Source data START

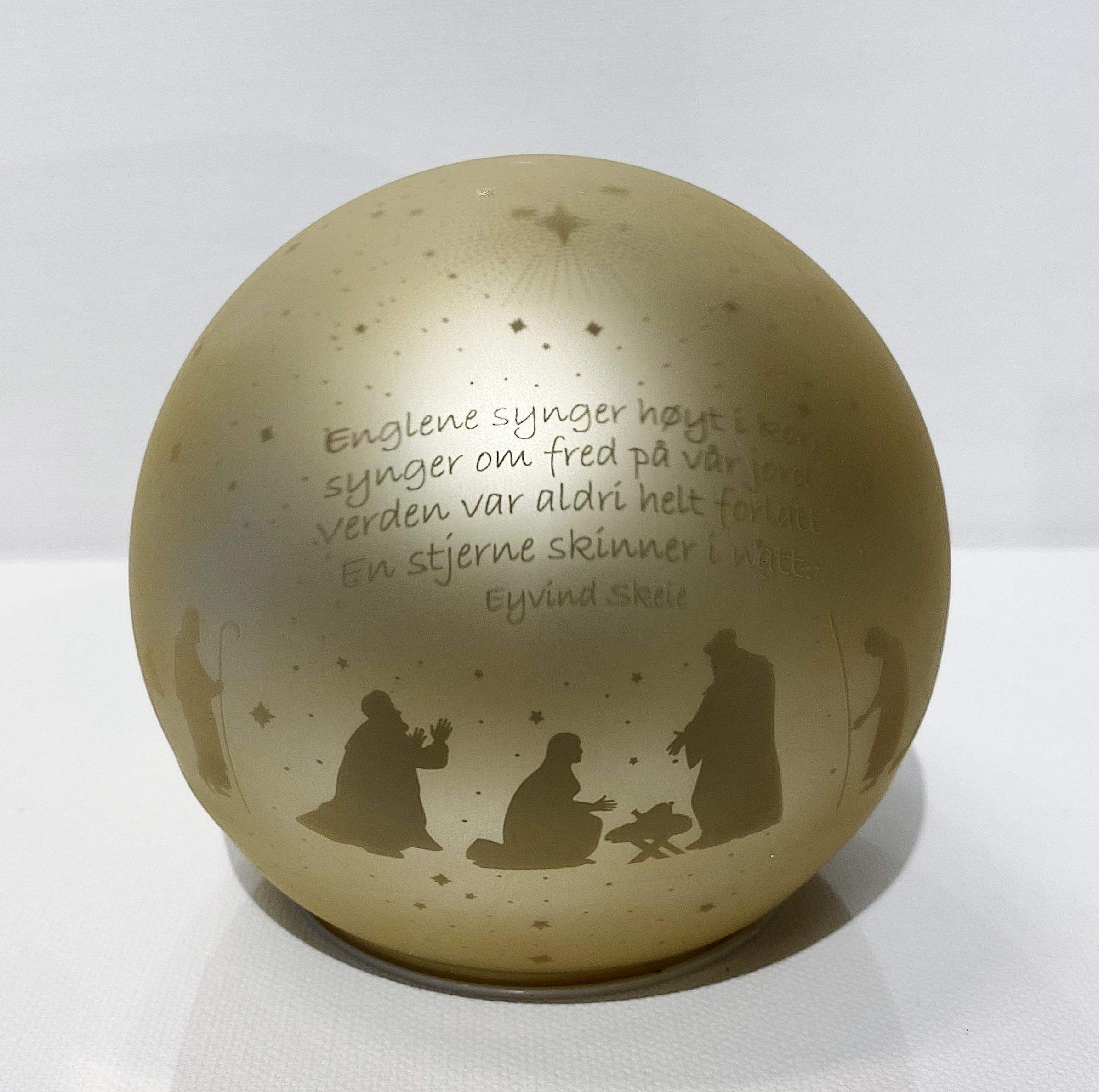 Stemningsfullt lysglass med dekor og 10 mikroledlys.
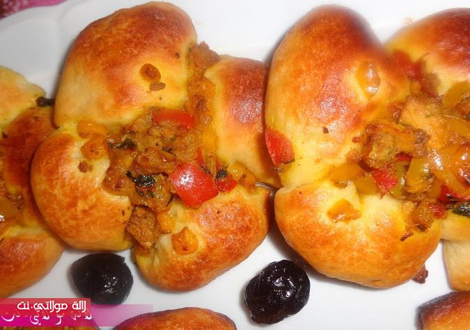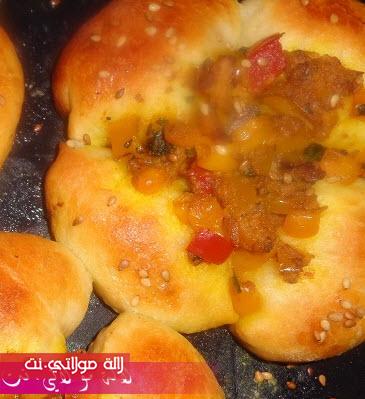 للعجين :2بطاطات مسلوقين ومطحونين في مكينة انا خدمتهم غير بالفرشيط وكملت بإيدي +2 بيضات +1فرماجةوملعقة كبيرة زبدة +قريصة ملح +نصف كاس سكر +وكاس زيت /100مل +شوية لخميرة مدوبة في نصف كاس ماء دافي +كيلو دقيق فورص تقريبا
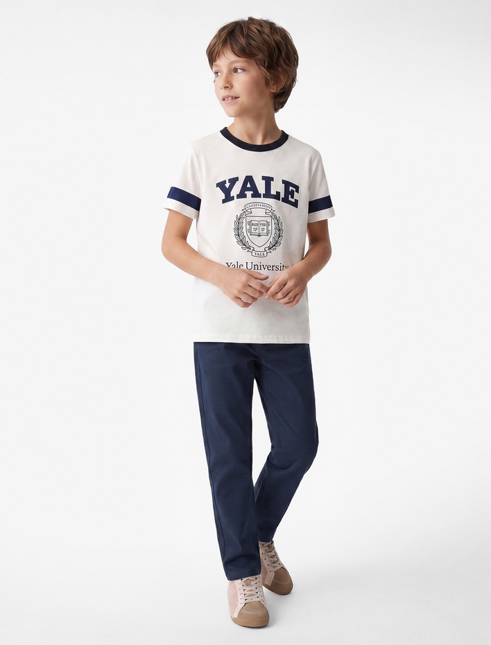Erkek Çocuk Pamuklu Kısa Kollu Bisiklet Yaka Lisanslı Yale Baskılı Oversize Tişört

Source data END

Repeat the data exactly as given. Keep every picture out of the copy.

*Finished task*:
 Stemningsfullt lysglass med dekor og 10 mikroledlys.
 للعجين :2بطاطات مسلوقين ومطحونين في مكينة انا خدمتهم غير بالفرشيط وكملت بإيدي +2 بيضات +1فرماجةوملعقة كبيرة زبدة +قريصة ملح +نصف كاس سكر +وكاس زيت /100مل +شوية لخميرة مدوبة في نصف كاس ماء دافي +كيلو دقيق فورص تقريبا
Erkek Çocuk Pamuklu Kısa Kollu Bisiklet Yaka Lisanslı Yale Baskılı Oversize Tişört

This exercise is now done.